Ça aura un impact sur les usines dans quelques années
Le rachat de GMD par le groupe chinois DSBJ, annoncé dans la dernière édition de La Lettre Valloire du 29 avril 2026, suscite des inquiétudes quant à l’avenir des usines situées dans l’Indre. DSBJ, qui a acquis GMD le 30 octobre 2025, possède une usine et un bureau d’études Eurostyle Systems à Châteauroux ainsi qu’une fonderie Eurocast au Poinçonnet, employant au total 500 salariés.
Table des matières
Dans cette lettre spécialisée sur l’économie de la région Centre-Val de Loire, il est rapporté que DSBJ pourrait envisager de rapatrier le bureau d’études en Chine tout en délocalisant une partie de la production au Portugal.
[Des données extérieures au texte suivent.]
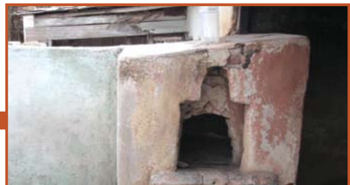
Matzoh oven in the Cohen courtyard: Today it all comes from Israel

building with a typical Sephardic sanctuary and a small balcony for the women's gallery. The aron kodesh still holds two sifrei Torah in their traditionally Sephardic wooden cases, which are occasionally used. For example, a minyan happened to be present on Shabbos Zachor two years ago, and read from both Torahs. In many North African shuls, tzedakah boxes are built into the side of the bimah , designated for various communal needs. Asmara is no exception, and the various slots are still labeled: the poor of Asmara, the poor of Jerusalem, Rabbi Meir Baal HaNes, and, so as not to forget the folks back in the alter heim , "the poor of Aden."

Ces informations laissent présager des changements significatifs dans l’organisation des activités de GMD, avec des conséquences potentielles sur l’emploi et la production locale.
Contexte factuel
Le secteur automobile, où GMD opère, est en constante évolution, confronté à des défis tels que la transition vers des technologies plus durables et la nécessité de réduire les coûts de production. Le rachat par DSBJ pourrait être perçu comme une stratégie visant à optimiser la chaîne de valeur, en se rapprochant de marchés à faibles coûts de main-d’œuvre.
Données ou statistiques
Selon les données de l’INSEE, le secteur industriel en France a connu une légère reprise en 2025, avec une augmentation de 1,2 % de la production industrielle. Toutefois, les prévisions pour 2026 restent incertaines, notamment en raison de l’impact des délocalisations et de la mondialisation sur l’emploi local.
Conséquence directe
Si les prévisions de délocalisation se concrétisent, cela pourrait entraîner une réduction des effectifs dans les usines GMD, affectant ainsi l’économie locale de l’Indre et augmentant la pression sur le marché de l’emploi dans la région.